Good Samaritans Save Runner Who Suffered Cardiac Arrest
The man tried to find his rescuers through an impassioned Facebook video.
— -- For one Colorado man, the power of social media helped him to locate the good Samaritans who saved his life during a Florida half-marathon almost two weeks ago.
Bill Amirault, 44, of Colorado Springs, Colorado, recorded a Facebook video post from his Miami hospital room to tell the story of his near death experience while running the Key West Half Marathon on Jan. 15.
“I’m hoping you can help me find the person or people that saved my life this past weekend,” he intones in the video, which has been viewed more than 1.6 million times.
Amirault described how he blacked out just as he was about to cross the finish line. He ended up suffering from ventricular arrhythmia, which caused him to go into cardiac arrest.

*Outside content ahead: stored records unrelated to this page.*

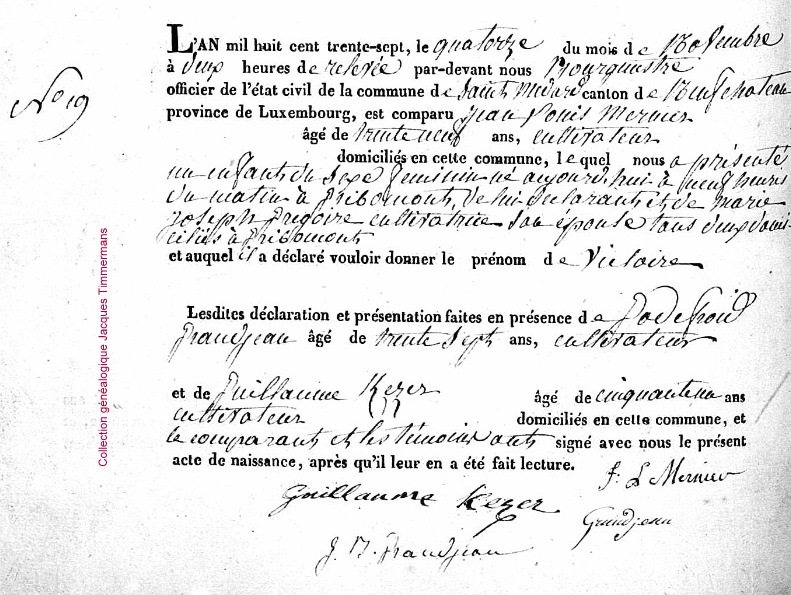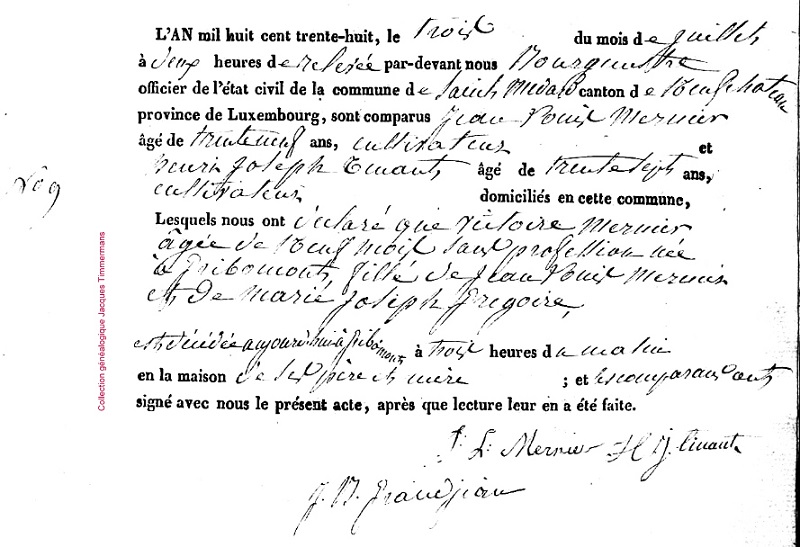Victoire MERNIER (1837 - 1838) fille de Jean-Louis MERNIER (1798 - 1846) et de Marie-Joseph GREGOIRE (1798)
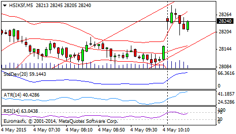 The movement of Hang Seng index closed lower today at 9:18 points, or 0.03%, which is 28123.82 points from its previous close at 28133.00 position to reach the highest point at 28343.74 and the lowest point at 28017.20 points. Likewise, the movement of the Hang Seng Index futures today closed higher by 61 points or 0:21% which is 28 153 points from the previous penutpan position at 28 092 points to reach the highest at 28 353 points and the lowest was 27 953 points.
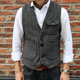 潮牌阿美咔叽复古粗花呢西装马甲男秋冬修身V领羊毛马甲背心短款
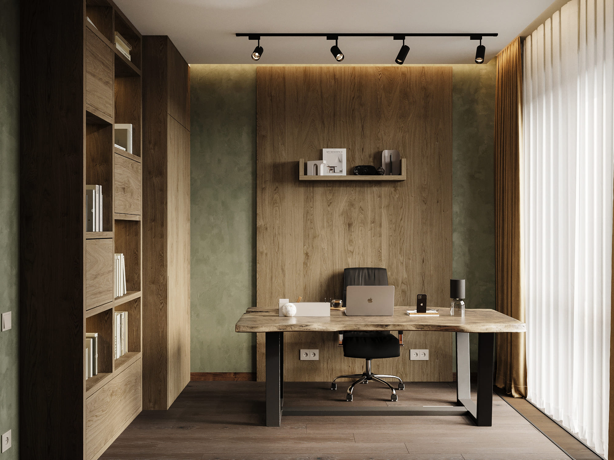 Этот кабинет мы создали как пространство, где вдохновение встречается с концентрацией. За основу была взята спокойная, бледно-зеленая палитра стен, которая настраивает на продуктивную работу; а неяркие желтые шторы добавляют интерьеру ощущение солнечного, живого света. Центром композиции стал монументальный рабочий стол с массивной столешницей из натурального дерева, подчеркивающий статус и любовь хозяина к природным материалам; эту же тему продолжает фактурное деревянное панно за ним, создающее теплый и солидный фон для видеозвонков.
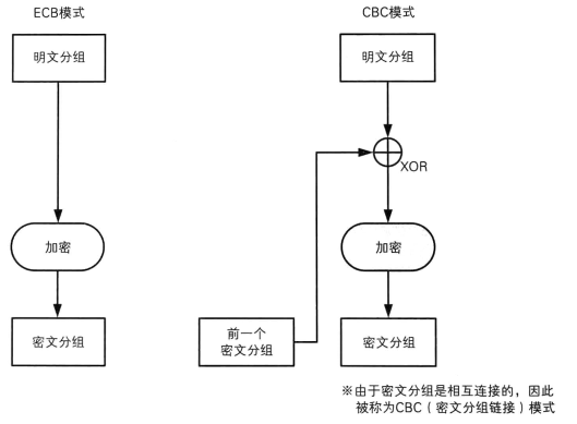 如果将一个分组的加密过程分离出来,我们就可以很容易地比较出ECB模式和CBC模式的区别 。ECB模式只进行了加密,而CBC模式则在加密之前进行了一次XOR。
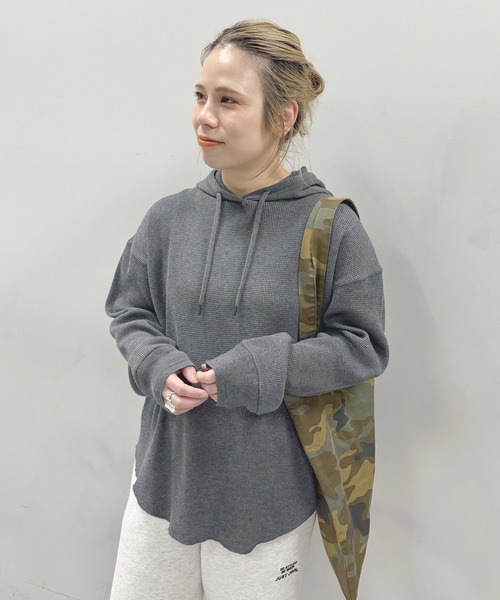 ●商品のお気に入り登録クーポンやタイムセール、再入荷通知やラスト1点などお得な情報を受け取ることができます。ご登録をお忘れなく◎◇ピュアルセシン スタッフ【@yns628】企画/フードを見せる重ね着の新提案◎◇カラーの小物使いからレイヤードまで。着合わせのアレンジが光る、バランスの良いカジュアルコーデが得意な人気スタッフ【@yns628】が企画。新しいレイヤードスタイルを楽しめるワッフルレイヤードパーカーを考案しました!●デザインレイヤードコーデをしやすいようにこだわりを込めたプルオーバーパーカー。ワッフル素材の凹凸ある表情豊かな表面で、重く見えがちなパーカーをライトな雰囲気に魅せる1着。ラウンドした裾は長めに設定し、重ね合わせるトップスの丈を問わず、大人のこなれ感が簡単に生まれるこだわりのサイズ感に仕上げました。少しコンパクトなフードが、バックスタイルに立体的なアクセントをつけ大人カジュアルにマッチするキャッチーなポイントに。編み立てリブの袖口はリラクシーな雰囲気漂うデザインをさり気なく引き締めます。着心地抜群な柔らかくふわっと身体に沿う絶妙なフィット感も魅力的。シンプルなデザインの中にこだわりのディテールを込めたアイテムは、コーディネートに馴染みやすく、冬の着こなしの幅をグッと広げる1枚です。●スタイリングスウェットやニットなどとのレイヤードスタイルがオススメ。ショート丈のトップスとならラウンドした裾が360度全てから覗いておしゃれ見え。ミディ丈のアイテムからは、裾がチラ見えしてこなれ感がアップしたコーディネートに。オーバーサイズのシャツとのレイヤードもフードを見せて、都会的でマニッシュな雰囲気に仕上げられます。ボトムスには、デニムパンツやスウェットなどのカジュアルなボトムが好相性◎キャップなどの小物をプラスすれば、適度なリラックス感のある大人カジュアルスタイルにまとまります。●素材ワッフルのようなマス目の凹凸が特徴的な生地。さらりとしたソフトな肌当たりで快適に着用いただけます。===============================洗濯方法:手洗い/蛍光増白剤入りの洗剤は使用しないでください。透け感:なし裏地:なし伸縮性:あり光沢感:なし生地の厚さ:やや薄手【スタッフコメント】年齢:20代前半/身長:153cm/普段着用サイズ:S~Mサイズ着用感:153cmでヒップ周りを覆う着丈で着用でき、裾レイヤードも丁度良いバランス。ネックラインが詰まっているので、重ねたトップスからフードを綺麗に出すことが出来ました。秋冬にはレイヤードスタイルを楽しんで、春先にはこのアイテム1枚でと長く着まわせそうです。===============================※撮影場所やお使いのモニター環境により若干お色味が異なる場合がございます。特にロケの撮影では明るく見える傾向にございます。※予約商品はサンプルで撮影をしております。若干の仕様が変更になる場合がございますので予めご了承の上ご注文くださいますようお願いいたします 。※着用、お取り扱いの際は、商品についている品質表示とアテンションタグを必ずご確認下さい。【予約品の入荷時期について】店舗入荷時期と予約商品のお届け時期が異なる場合がございますので、予めご了承ください。
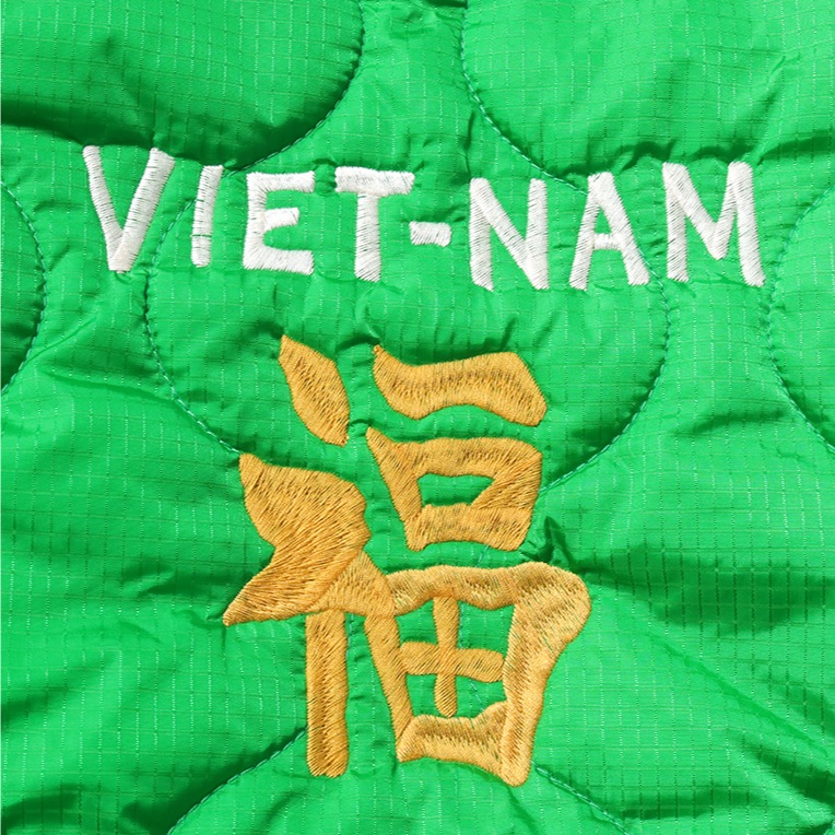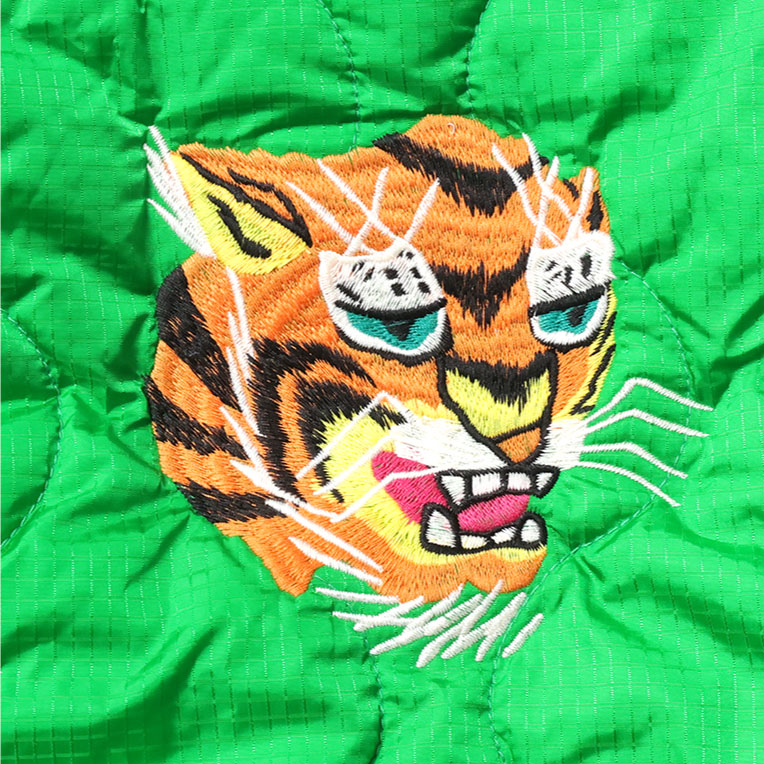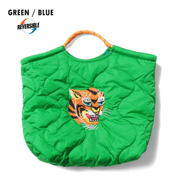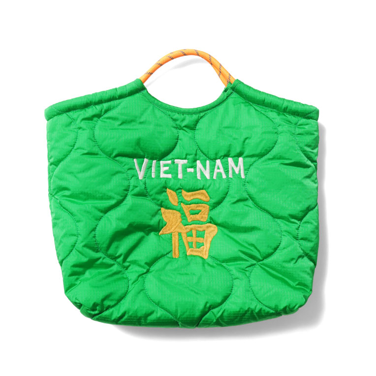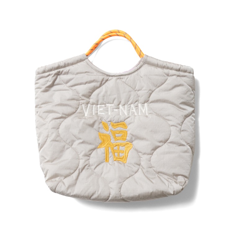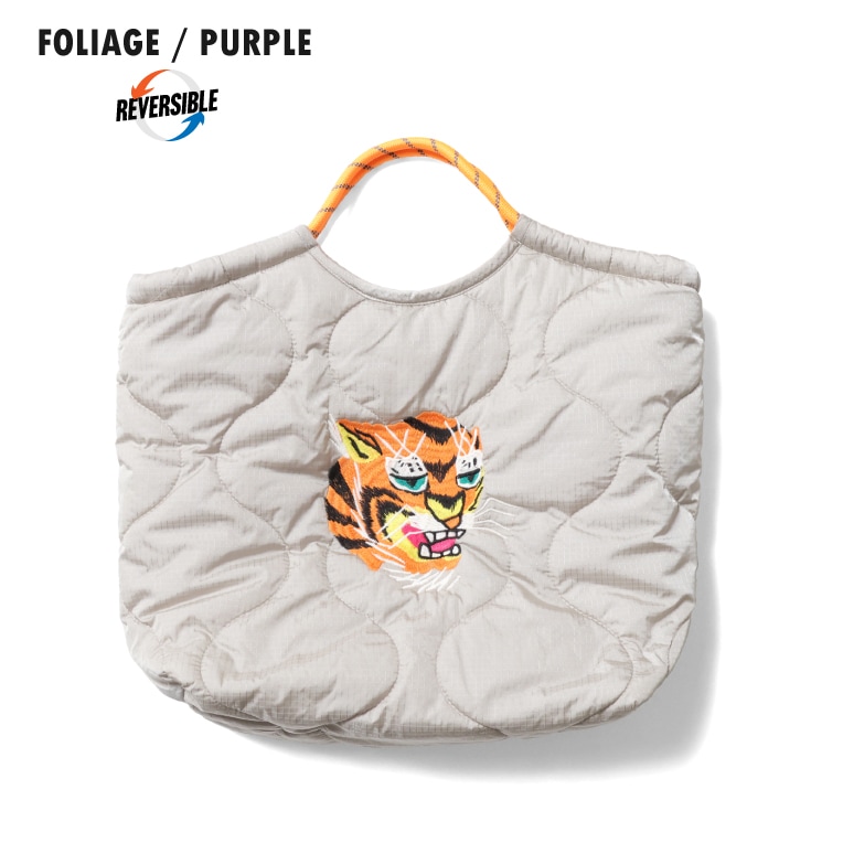 | 商品説明 | 人気の刺繍エフェクトバッグシリーズ。刺繍が施されたひょうたんキルトのナイロン面と、ボア面のリバーシブル仕様。広めのマチが付いているので荷物が多い時にも活躍し、クッション性のある素材の組み合わせが実用性を高めています。刺繍にはベトジャンでお馴染みの虎と福のモチーフを採用。 |
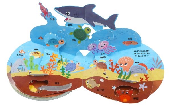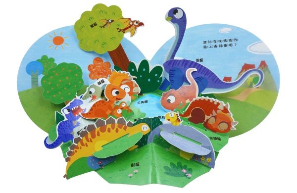 書中總共有4個立體頁和多個翻翻頁及推拉機關,豐富的互動機關吸引小朋友的注意力,讓小朋友在閱讀時,可以動手推拉翻轉互動機關,一邊玩,還可以一邊認識各種動物和恐龍!
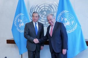 古特雷斯請王毅轉達對習近平主席的誠摯問候,表示聯合國高度贊賞中方堅持多邊主義、支持聯合國工作,積極評價中方倡議舉行本次會議,為改革全球治理、增強發展中國家聲音注入動力。他表示,聯合國高度重視中國作用,完全贊同並積極支持習近平主席提出的三大全球倡議。面對當前複雜挑戰,聯合國將堅守既定理念,落實憲章宗旨和原則,呼籲各國加強合作,共同維護國際法治,促進和平和可持續發展。
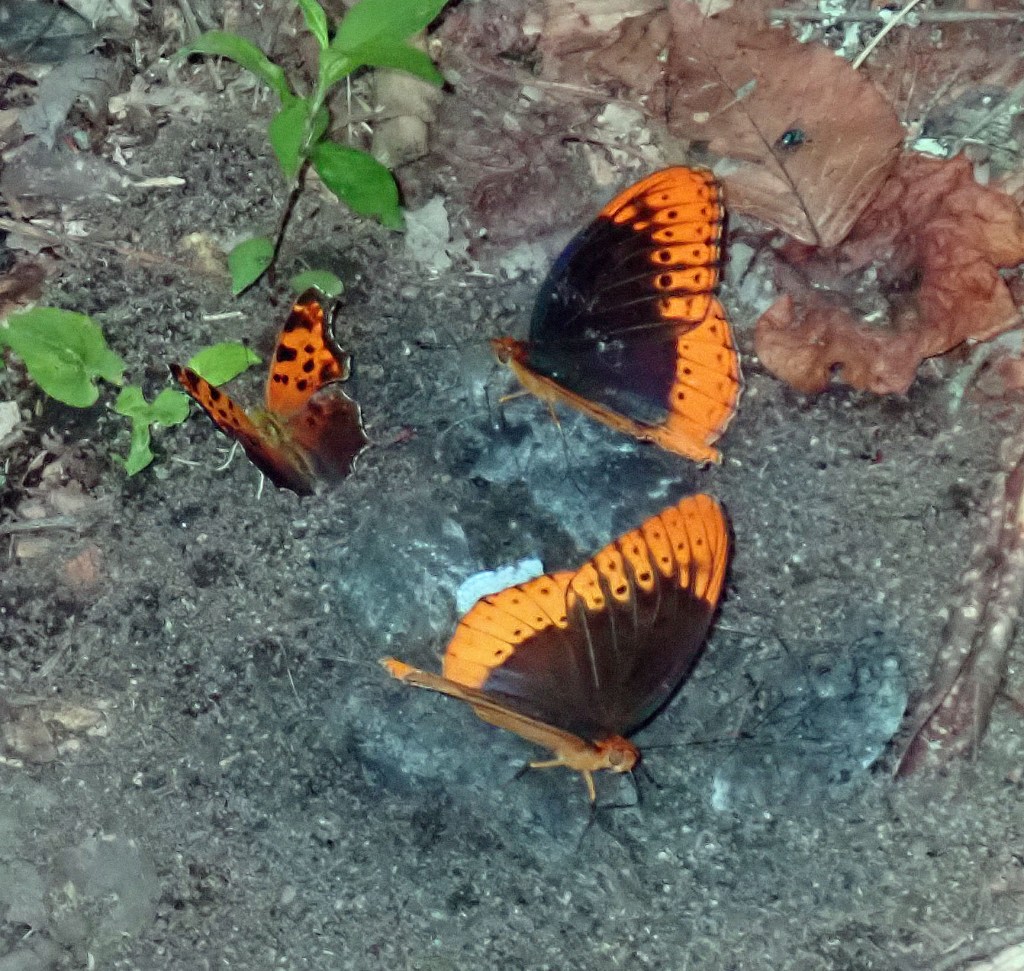 I was pleased to see an abundance of male Diana Fritillaries, Speyeria diana. This large beautiful species is sexually dimorphic, the males are burnt orange, whereas the females are dark blue. For some inexplicable reason the two sexes (Remember, there are only two sexes in any organism!) emerge at different times, and I saw no females. The larvae feed only on violets, but the adults love bear shit!
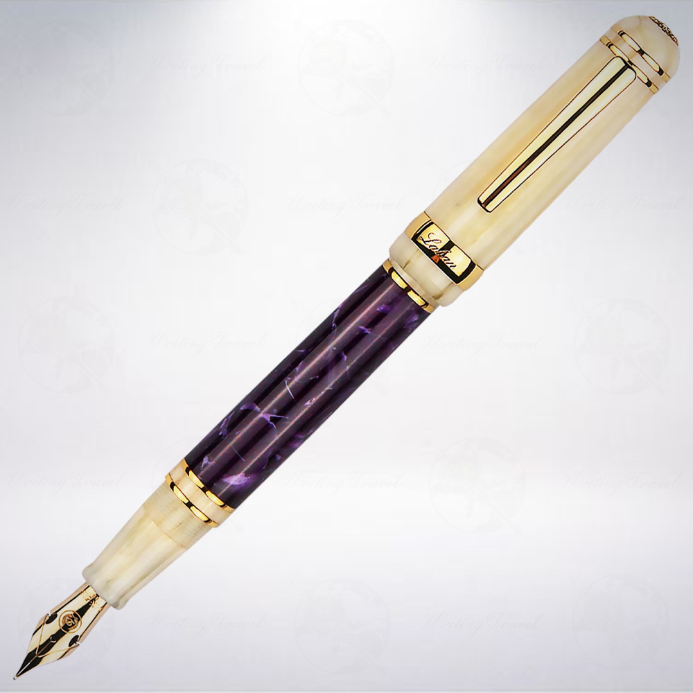 筆尖採用德國「WIN 12」14K金 彈性尖,筆尖滑順,彈性佳,筆幅最粗約莫1mm。筆尖上刻有Laban標誌,以及14K-858和筆尖尺寸,質感精緻。整支筆桿採用經典的樹脂材質,台灣師傅調配深淺紫色交錯染色,彷彿從初初綻放的淡紫 、直到烈日下開最豔時的深紫。將初夏盛開的紫藤花,都凝聚在掌心裡。旋轉筆桿,享受光線折射出的色彩變化,重量輕巧、耐水性高,手汗持筆書寫也很舒適。持握時,散發樹脂材質的輕盈感。特有的設計平衡,重心適中,書寫不費力,長時間使用、手腕也不會感覺疲累。天冠部分,鑲嵌金質品牌象徵標誌。鋼筆收納於西裝胸前時,天冠獨特的存在感,襯托優雅氣質。筆夾、筆夾雙金環、以及筆蓋環,分別以鍍金、與金屬飾片裝飾,讓高質感孕育而生。
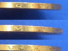 - da kann ich eigentlich nur eins sagen: hier passt gar nichts! Die Randschrift wirkt wie von "Kindern geschrieben". Der "Abschlepphaken" beim G fehlt, kein Punkt im O, von den Ts will ich erst gar nicht reden, M, N und U sind nicht einmal vollständig "geschrieben"... lausig.

Paramedics used a defibrillator to revive his heart to a normal rhythm. Amirault credits the good Samaritans for quickly administering CPR until an ambulance arrived.
“Let’s see if the power of social media can identity this person and then hopefully at some point in the near future I can get to meet that person and express my gratitude,” he says in the video.
One of the four bystanders that helped attend to Amirault was Amy Smythe, 39, who just so happened to be a cardiovascular nurse.
“I couldn’t feel a pulse and that’s when two other bystanders came up and we started CPR,” Smythe, a native of Newark, Delaware, told ABC affiliate WPVI Channel 6 in Philadelphia.
Smythe saw Amirault’s post and the two were able to get in touch.
“Just to think the right nurse being right there at the right time, in that specific area where I fell, was just amazing – a miracle," Amirault told ABC News affiliate WPLG in Fort Lauderdale.